Continuons donc par des nouvelles de la fraude en préparation.

Un enregistrement sauvage, partagé sur les médias sociaux s’est propagé à la vitesse de l’éclair. Il s’agit d’un extrait du discours d’Erdoğan, prononcé devant des “responsables de quartiers de l’AKP, lors d’une réunion interne fermée à la presse, et qui s’est déroulée dans la nuit du 9-10 juin à Istanbul, annoncée comme “cérémonie de repas de rupture de jeûne”.

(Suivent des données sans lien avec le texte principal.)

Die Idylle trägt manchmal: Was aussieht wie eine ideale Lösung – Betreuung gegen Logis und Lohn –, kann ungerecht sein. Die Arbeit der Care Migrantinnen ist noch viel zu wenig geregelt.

Voici les propos d’Erdoğan :

“Je ne parlerai pas de cela dehors. J’en parlerai ici, avec vous. Pourquoi ? Parce que le fait qu’ils [HDP] restent en dessous du barrage [de 10%] veut dire l’amélioration de notre situation. Par conséquent, les amis doivent travailler dans chaque localité, particulièrement sur eux. Parce que vous savez très bien qui est qui. N’est-ce pas ? Parce que si nos représentants de quartier ne savent pas qui est qui, ils devraient laisser tomber ce travail. Ils faut qu’on le sache. Vous prendrez les listes d’électeurs devant vous, et vous devez mener un travail spécifique selon qui est qui sur la liste de cet urne. Et se suis convaincu que cela nous apporterait un résultat tout à fait different. Prenez [les] en marquage”.

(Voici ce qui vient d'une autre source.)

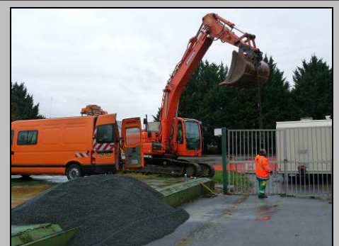
Parking pour bus dans le quartier collège

Lors de la réunion, Erdoğan détaille la méthode de “marquage” :

“Dans ces quartiers, quelle famille, à quelle position ? Qui va constater tout cela ? C’est la direction des quartiers qui le constatera. Par conséquent, nous devons le définir à partir des listes d’électeurs des urnes. Après cela, il faut également qu’on mène un travail dessus. Le délai restant est de 13 jours. Ce n’est pas un long délai. C’est avec ce travail que nous allons faire que nous les prendrons en marquage un par un. Les élections se gagnent dans les urnes. Lors de ces élections vous allez montrer une performance. Avec cette performance, nous allons voir d’une façon très nette, quelle est votre domination sur les urnes dans les quartiers. Bien sûr, le travail que vous allez mener dès maintenant sur les listes d’électeurs a une très grande importance. Sur ce point, aussi bien nos branches de femmes et de jeunes que le niveau principal, doivent mener ce travail avec succès. Je donne beaucoup d’importance particulièrement au travail des dames. Car la forteresse se conquiert de l’intérieur”.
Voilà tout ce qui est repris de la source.